In your copy, include every line of the records exactly and no picture at all.

Segment Start: Working data

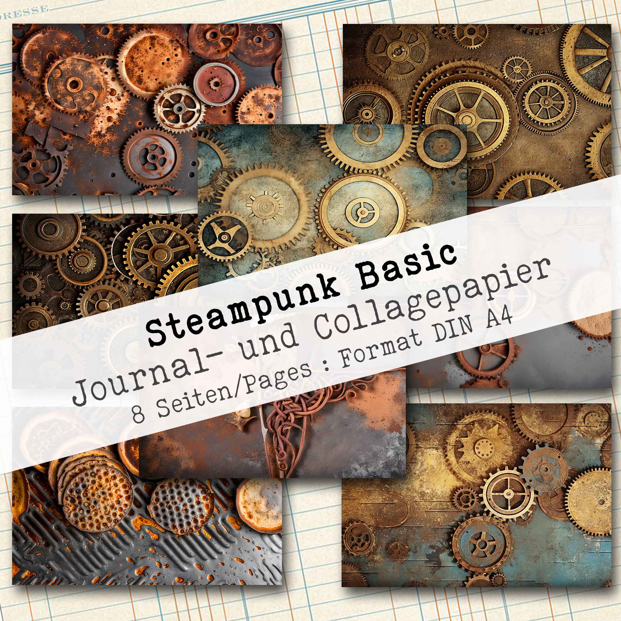 Steampunk Basic, Journal- & Collagepapier, 8 Seiten
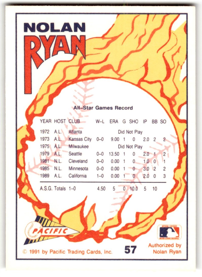 | 1991 Pacific Express Nolan Ryan #57 Texas Rangers |
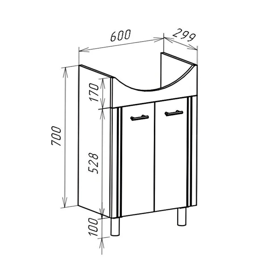 Тумба под раковину Bellezza Уют 4635009240018, 60 см, напольная, цвет белый
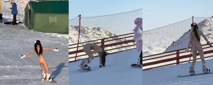 太卷了!吉林雪场惊现福利姬双马尾LL嫩妹比基尼雪道滑雪
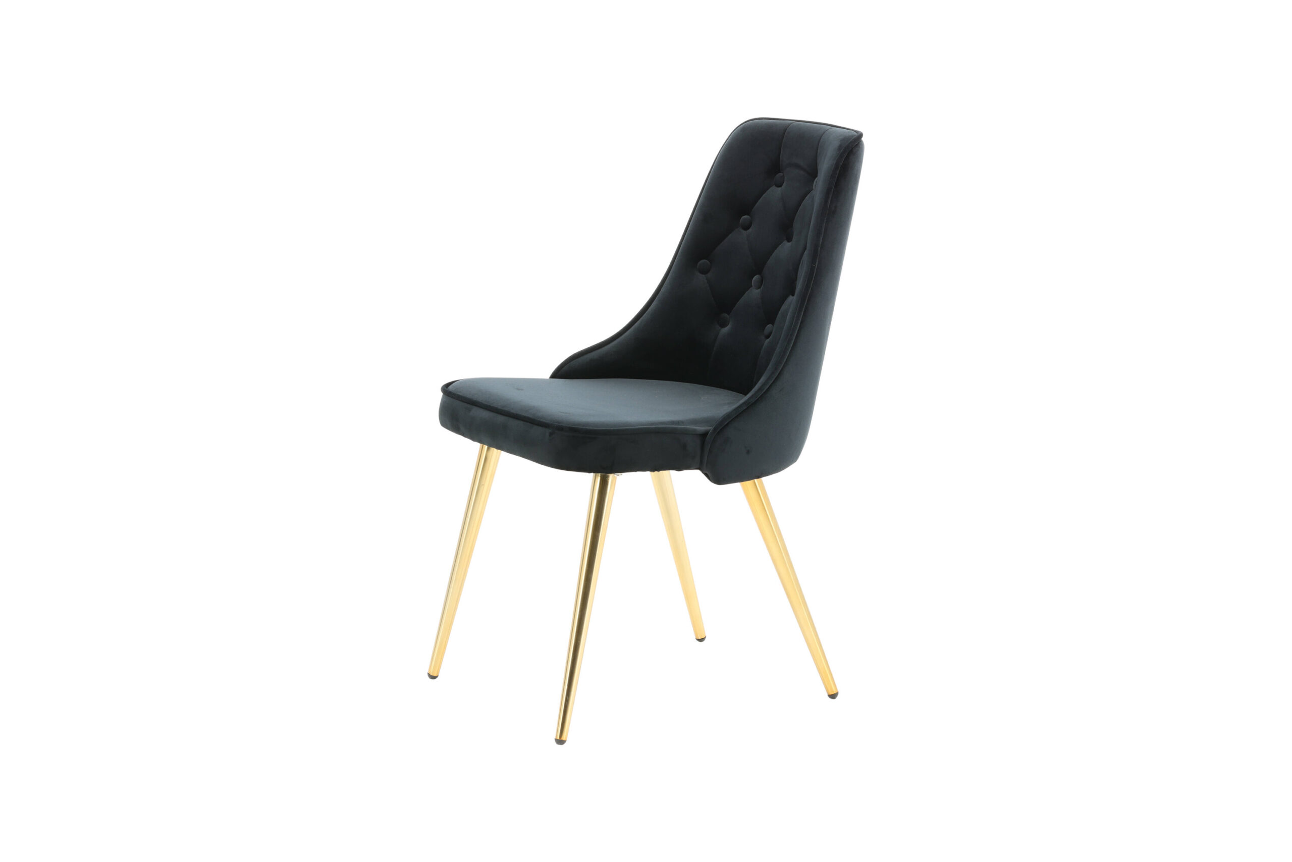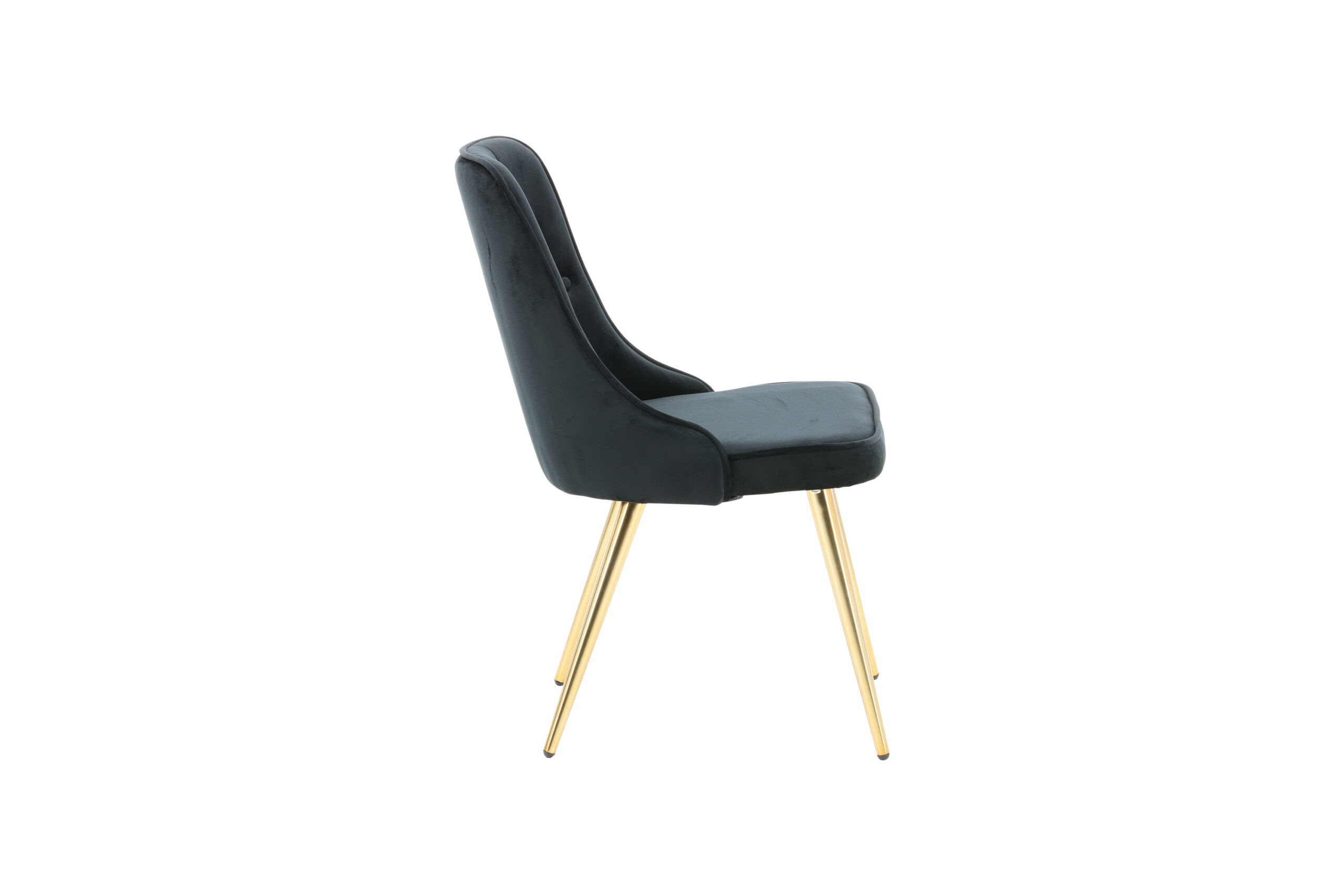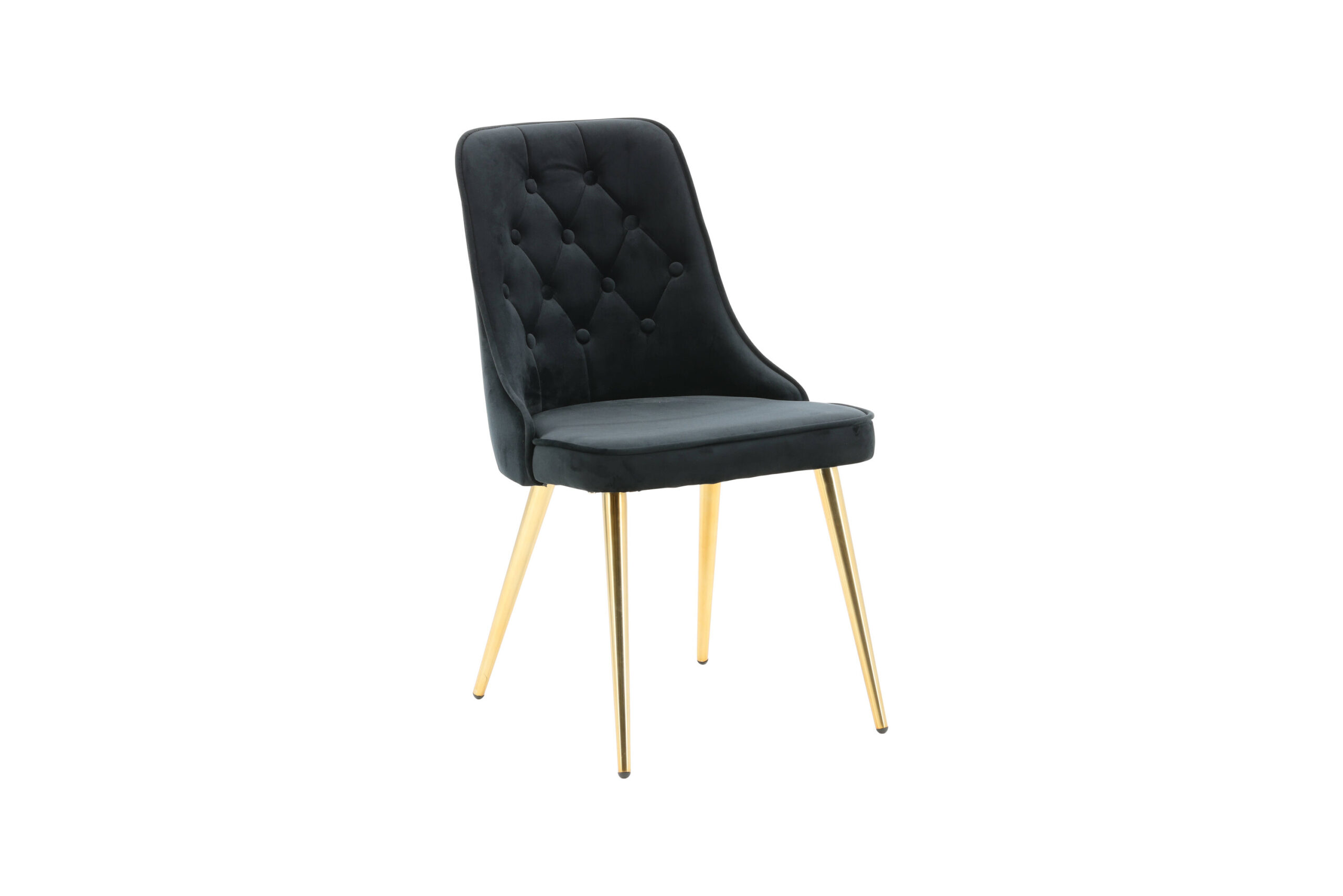 Dekoruokite namus Velvet Luxury kolekcijos valgomojo kėdėmis, kad svetainė būtų elegantiškesnė ir patrauklesnė! Kėdė yra visiškai išbaigto dizaino, aptraukta plonu juodo aksomo audiniu su sagomis ir dekoratyviniu dygsniu nugarėlėje, kuris virsta gražia detale. Kojos iš žalvario, atlošo ir sėdimoji daliss paminkštinimas suteikia papildomo komforto. Sėdėkite patogiai! Lengvai surenkama.
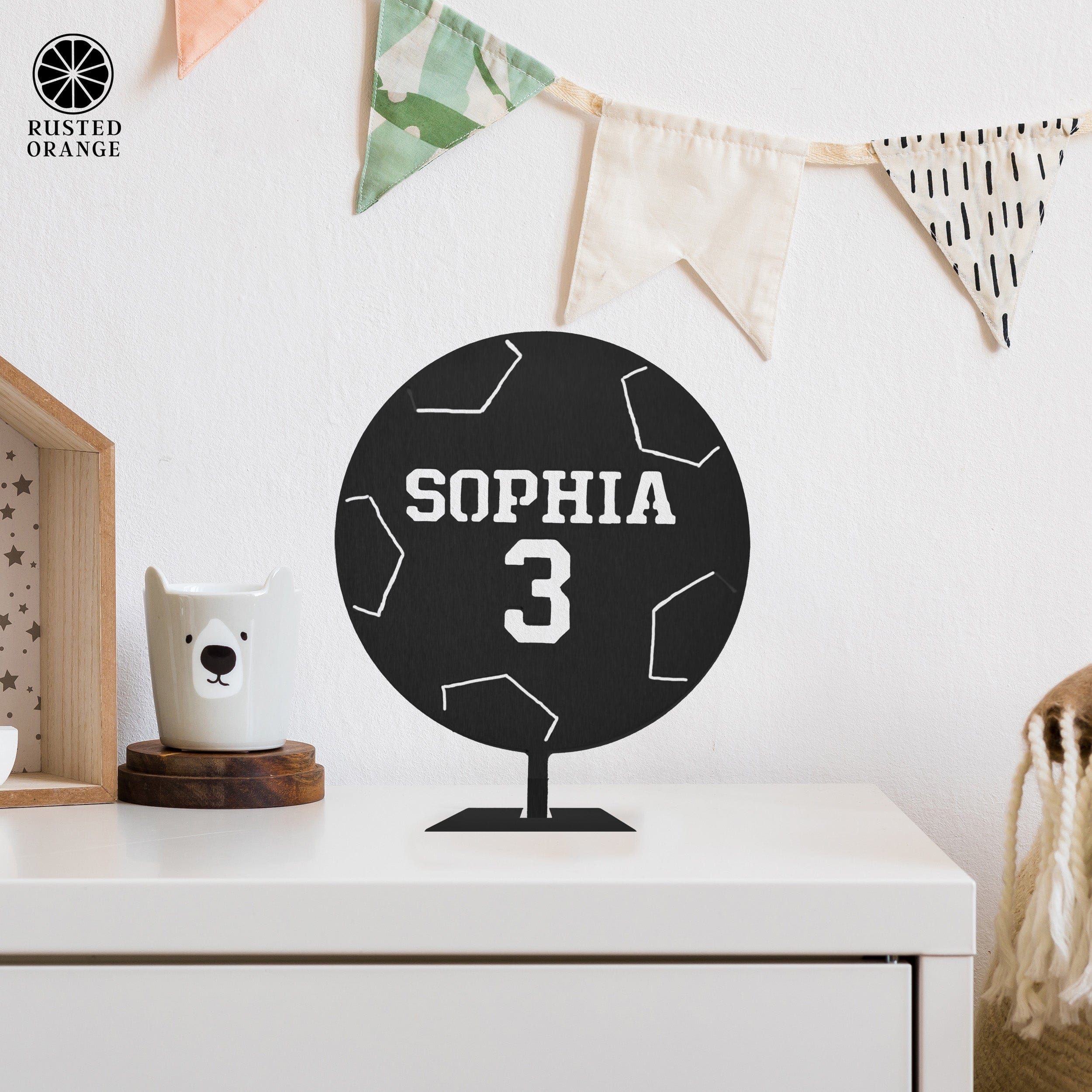 • Rusted Orange Craftworks Co. Athletics Soccer Ball Custom Standing Sports Balls - 6 Styles - Metal Ball With Name and Player Number
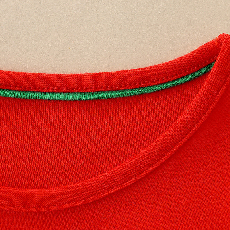 This Girls’ European-American Style Christmas Tree Cartoon Pattern Striped Sleeves Dress is perfect for the holiday season! Made with high-quality materials, this dress features a festive Christmas tree design and striped sleeves that will make your little one stand out. Bring some holiday cheer to your child's wardrobe with this charming dress.
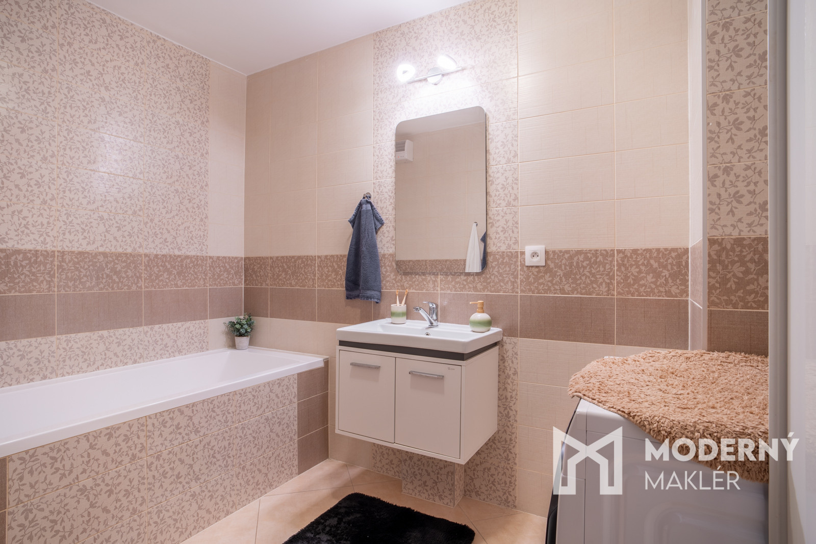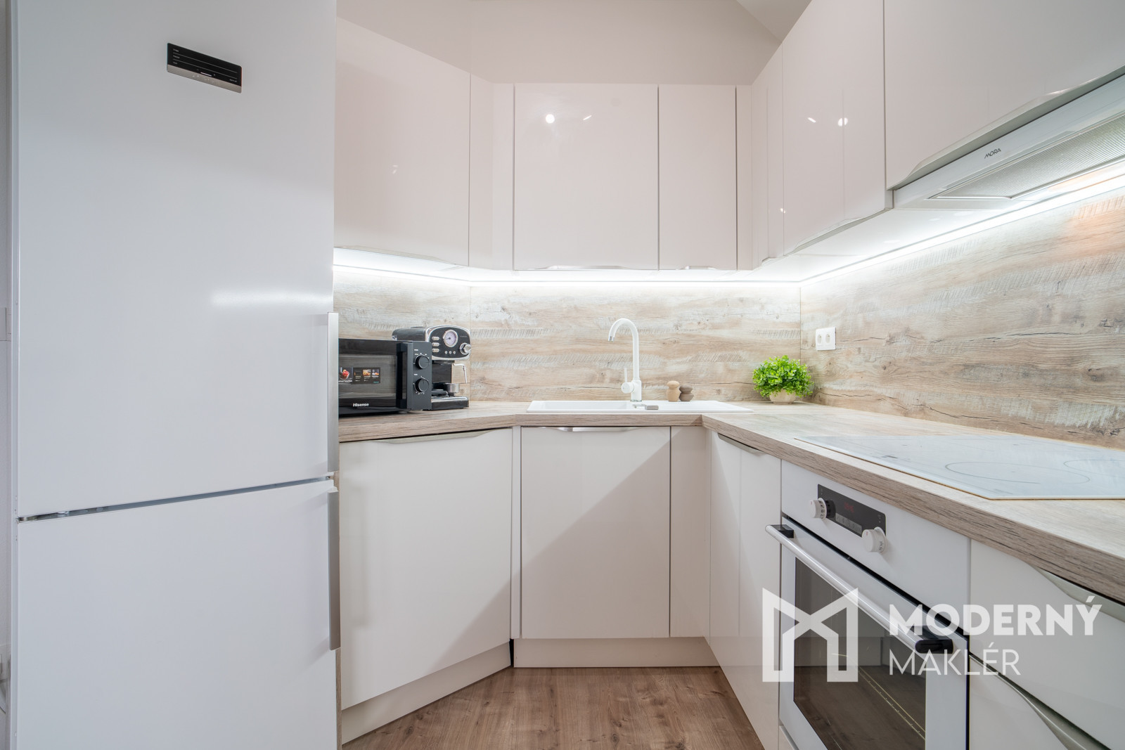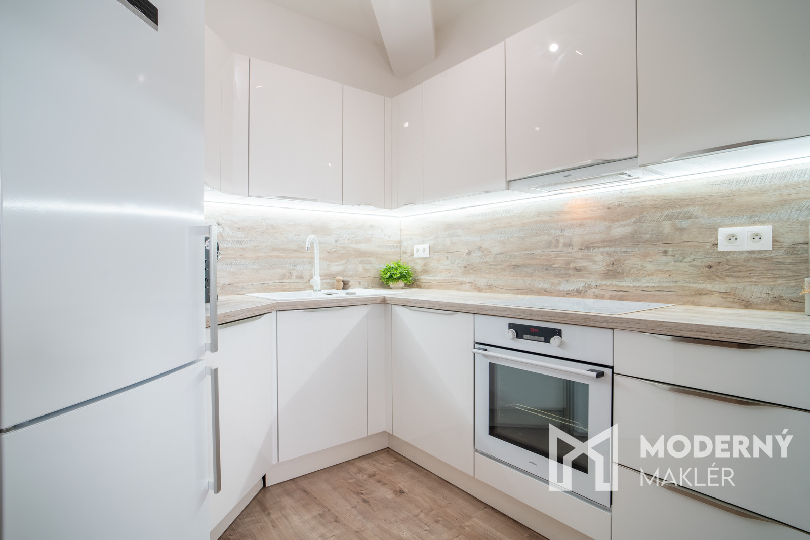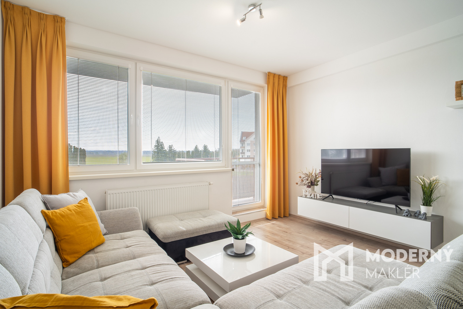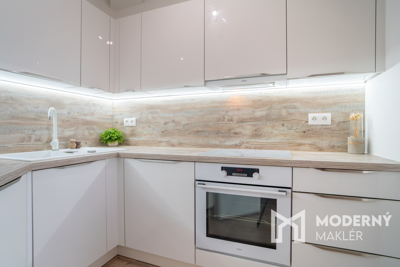 Nehnuteľnosť sa prenajíma kompletne zariadená – v kuchyni nájdete kuchynskú linku so spotrebičmi (indukčná varná doska, elektrická rúra, umývačka riadu, digestor, chladnička s mrazničkou, mikrovlnná rúra, kávovar) a jedálenský stôl so stoličkami. Obývacia izba disponuje rohovou rozťahovacou sedačkou, konferenčným stolíkom, televízorom a skrinkou pod TV. V spálni sa nachádza vstavaná skriňa, manželská posteľ s matracmi, nočné stolíky a komoda. V druhej izbe nájdete jedálenský stôl, avšak po dohode je možné dokúpiť aj ďalší nábytok. V kúpeľni je práčka, odkladacia skrinka, na chodbe vstavaná skriňa, botník a vešiakový panel. K dispozícii je aj robotický vysávač. V byte je zabezpečený optický internet a TV pripojenie.

Segment End: Working data

*Task output*.
 Steampunk Basic, Journal- & Collagepapier, 8 Seiten
 | 1991 Pacific Express Nolan Ryan #57 Texas Rangers |
 Тумба под раковину Bellezza Уют 4635009240018, 60 см, напольная, цвет белый
 太卷了!吉林雪场惊现福利姬双马尾LL嫩妹比基尼雪道滑雪
 Dekoruokite namus Velvet Luxury kolekcijos valgomojo kėdėmis, kad svetainė būtų elegantiškesnė ir patrauklesnė! Kėdė yra visiškai išbaigto dizaino, aptraukta plonu juodo aksomo audiniu su sagomis ir dekoratyviniu dygsniu nugarėlėje, kuris virsta gražia detale. Kojos iš žalvario, atlošo ir sėdimoji daliss paminkštinimas suteikia papildomo komforto. Sėdėkite patogiai! Lengvai surenkama.
 • Rusted Orange Craftworks Co. Athletics Soccer Ball Custom Standing Sports Balls - 6 Styles - Metal Ball With Name and Player Number
 This Girls’ European-American Style Christmas Tree Cartoon Pattern Striped Sleeves Dress is perfect for the holiday season! Made with high-quality materials, this dress features a festive Christmas tree design and striped sleeves that will make your little one stand out. Bring some holiday cheer to your child's wardrobe with this charming dress.
 Nehnuteľnosť sa prenajíma kompletne zariadená – v kuchyni nájdete kuchynskú linku so spotrebičmi (indukčná varná doska, elektrická rúra, umývačka riadu, digestor, chladnička s mrazničkou, mikrovlnná rúra, kávovar) a jedálenský stôl so stoličkami. Obývacia izba disponuje rohovou rozťahovacou sedačkou, konferenčným stolíkom, televízorom a skrinkou pod TV. V spálni sa nachádza vstavaná skriňa, manželská posteľ s matracmi, nočné stolíky a komoda. V druhej izbe nájdete jedálenský stôl, avšak po dohode je možné dokúpiť aj ďalší nábytok. V kúpeľni je práčka, odkladacia skrinka, na chodbe vstavaná skriňa, botník a vešiakový panel. K dispozícii je aj robotický vysávač. V byte je zabezpečený optický internet a TV pripojenie.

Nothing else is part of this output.